The former aims at ‘relocating’ the latter to Handeni and Simanjiro, arguing that continued stay there threatens the UNESCO-inscribed World Heritage Site into extinction.

The native people, however, have denied involvement in the destruction of the conversation. They instead blame the reported destruction on the underregulated tourist activities in the conservation area.

This ‘eviction’ threat notwithstanding, Mr Majaliwa, who doubles as Ruangwa MP (Chama cha Mapinduzi – CCM), said Friday that the beacon erection exercise in the area would not enable the eviction of any person native of Loliondo.

“These beacons aimed at showing pastoralists that if they want to water or feed their animals, they should not cross a particular line for that area is being used for wildebeest migration, wild animals reproduction and also serves as a source of water for the Maasai Mara River,” Mr Majaliwa explained.

But Anuradha Mittal, the Executive Director with the U.S.-based conservation think tank Oakland Institute, considers Thursday’s development as a signal that the government is determined to change the status of the Loliondo Game Controlled Area into a Game Reserve.

In a statement, Ms Mittal added that this determination would trigger mass evictions of Maasai living in legally registered villages within the area.

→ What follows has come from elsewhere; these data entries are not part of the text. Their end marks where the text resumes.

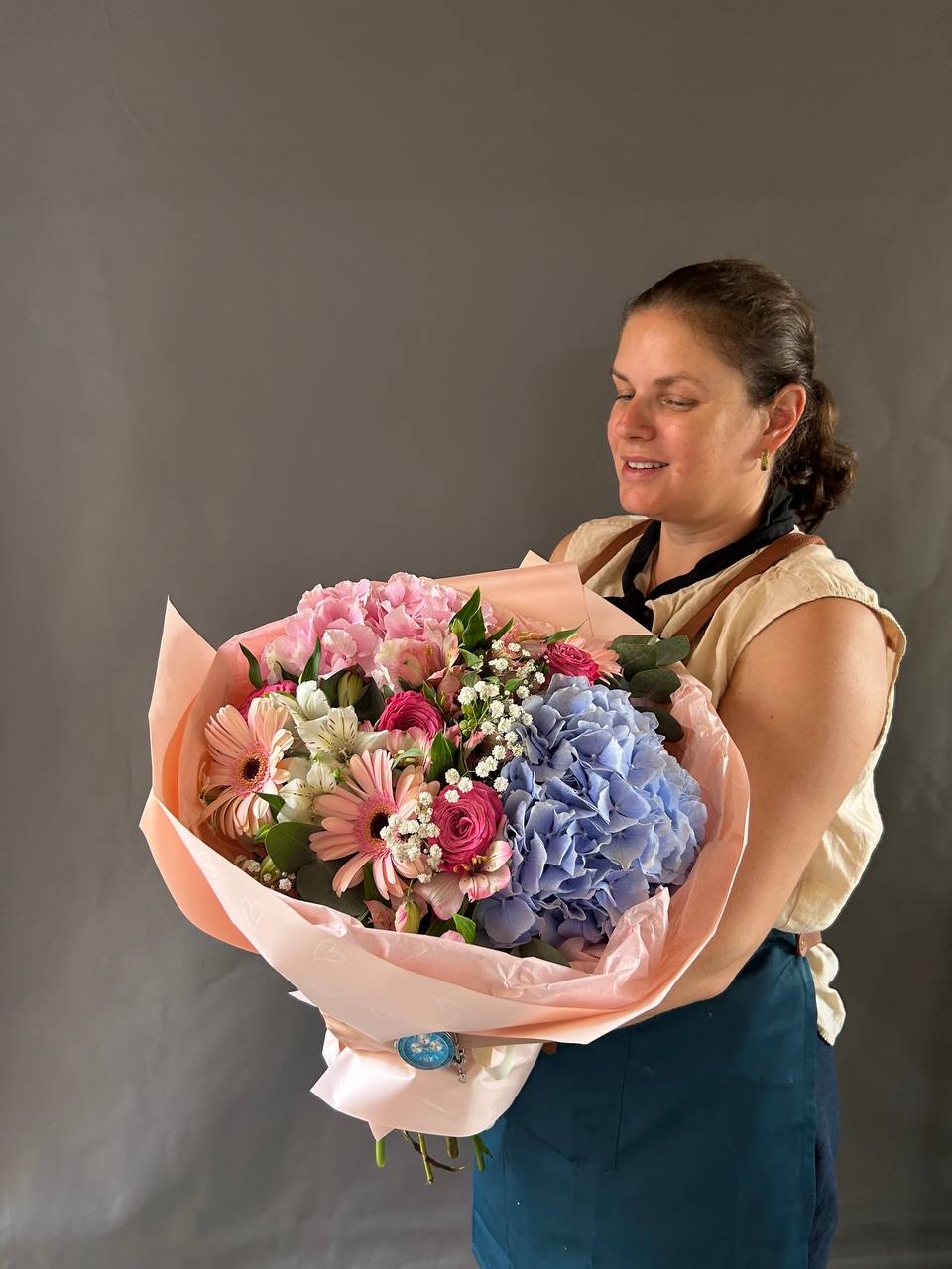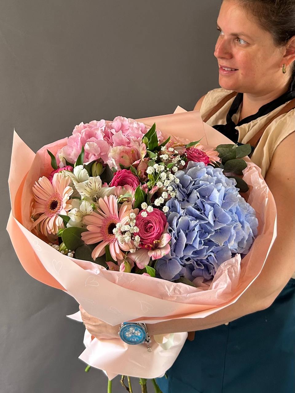 Погрузитесь в мир утончённой красоты с букетом, который объединяет классику и современность. В его сердце — пышные гортензии, символ искренности и изящества. Их воздушные соцветия создают мягкий фон, на котором ярко играют альстромерии — цветы дружбы и преданности, добавляющие легкую нотку игривости.
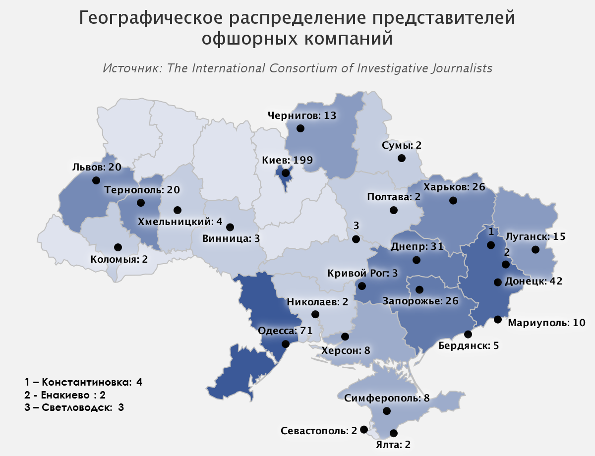 Если вынести за скобки г. Киев, то общая картина такова, что юго-восток Украины гуще заселен представителями офшоров, чем центр и запад. Однако на западе тоже имеются свои два центра - Львов и Тернополь.
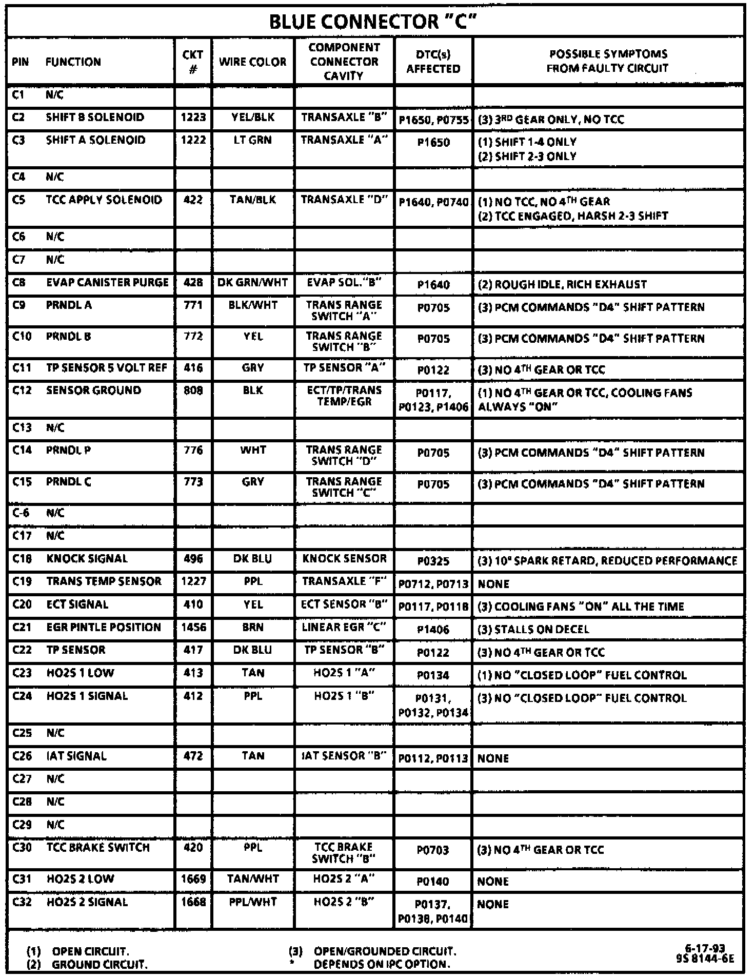 PCM Connector Circuit Failure/Symptom Chart (Blue Connector "C"):
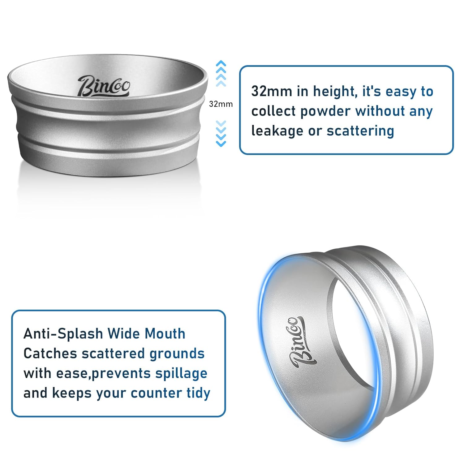 Bincoo Espresso Dosing Funnel 58mm,More Tall Magnetic Aluminum Alloy Portafilter Funnel Ring for Zero Mess Portafilter, Anti-Splash Wide Mouth Coffee Grounds Dosing Tool for Espresso Machine(Silver)
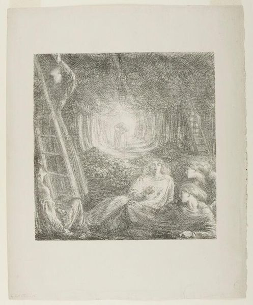 Curator: I find myself immediately drawn into the deep chiaroscuro of this lithograph. There's a dreamlike, almost nightmarish quality. Editor: Let's delve into this enigmatic work by Odilon Redon, created in 1888, titled "...d'abord une flaque d'eau", which translates to "...first a puddle of water." It resides here at the Minneapolis Institute of Art. Curator: Water. Interesting. Though it feels more subterranean, primordial to me. See those figures emerging from the shadows? Their upward gazes—they're not seeking the sun. It feels almost like a collective trauma being unearthed. Editor: Redon's symbolic style is definitely at play. The downward angle, the murky light, the sense of figures suspended—water holds profound symbolic weight. Puddles are liminal spaces, mirroring and distorting reality, representing both reflection and the unconscious. Curator: Absolutely. And look at how Redon manipulates light. It's almost weaponized, cutting through the darkness to expose vulnerability. This speaks to broader discourses of the late 19th century: anxieties around industrialization, shifting social norms. Are these figures complicit, victimized, or rising up? The ambiguity itself is the statement. Editor: Considering Redon's context in France at that time, this work acts like a cultural memory. This was a period preoccupied with spiritualism and the unseen, with Symbolists looking for meaning beyond realism, and here the symbol of rising from the depths can speak about evolution and adaptation to an ever changing world. Curator: Precisely. A puddle seems like a minor thing but we can explore how he manages to portray collective cultural upheaval with subtle symbolic violence that lingers even now. Editor: Indeed. It leaves me contemplating the power of single symbols within complex societal struggles and transitions.
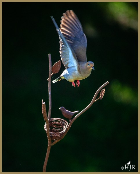 Exquisite look at the mourning dove, HJ, beautiful colors and pose. And then a little surrealism with the bird/nest sculpture. Great photo with a mysterious flair. Reply ↓
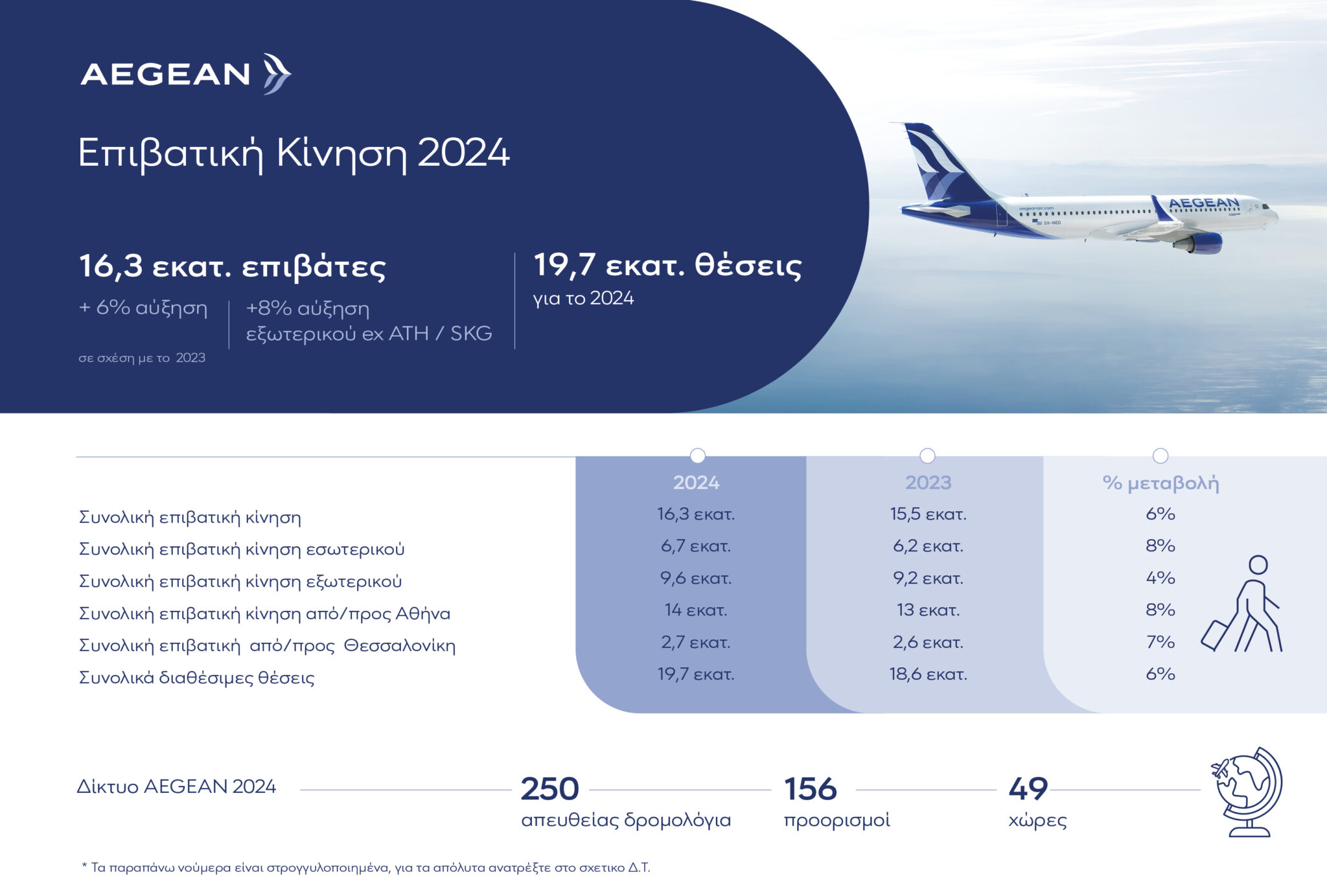 Η AEGEAN και η θυγατρική της Olympic Air μετέφεραν 12,5 εκατομμύρια επιβάτες το 2022. Το πρόγραμμα δρομολογίων το 2023 καλύπτει ένα δίκτυο 161 προορισμών (30 προορισμούς εσωτερικού και 131 εξωτερικού) σε 46 χώρες, με ένα στόλο 76 αεροσκαφών μεταξύ των οποίων τα ολοκαίνουργια Airbus A320 and A321 neo. Η AEGEAN είναι μέλος της μεγαλύτερης παγκόσμιας αεροπορικής συμμαχίας, της STAR ALLIANCE και βραβεύθηκε για 11η συνεχή χρονιά και 12η συνολικά τα τελευταία 13 χρόνια, ως η Καλύτερη Περιφερειακή Αεροπορική Εταιρεία στην Ευρώπη από τον οργανισμό των Skytrax World Airline Awards.
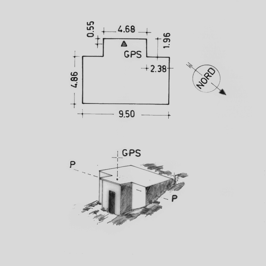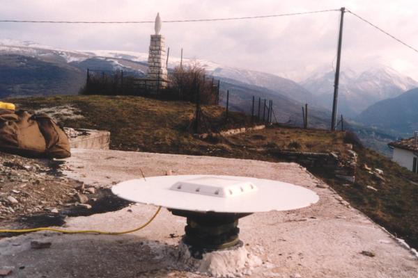 | materializzazione | Centrino del tipo "GPS C" fissato sulla soletta in cemento armato a copertura del casotto adibito a serbatoio dell'acquedotto, posto alla sommità del colle sovrastante l'abitato di Fiegni. |

“Despite earlier pauses, the Tanzanian government is blindly moving ahead with plans to remove Maasai pastoralists out of their land to clear the way for trophy hunting,” she noted in a statement. “International mobilization on these developments is imperative to help stop this disastrous and illegal move.”

Tension rises

Despite Mr Majaliwa’s insistence that there is no fighting going on in Loliondo, tragic photos and videos circulated on social media on Friday, showing the Maasai people injured by what is believed to be live bullets.

Some videos showed Maasai people running from what appeared to be the firing of tear gas canisters, all of which have received condemnation from a number of actors, including Survival International, a global movement for tribal people.

Mr Majaliwa said that already the Ngorongoro district commissioner Raymond Mangwala has “summoned” a number of leaders from the Ololosokwan village, including councillors, village chairpersons and customary leaders.

Joseph Oleshangay, an activist, reported that a total of eight ward councillors, two women representatives and a CCM district chairperson were under detention in Ngorongoro.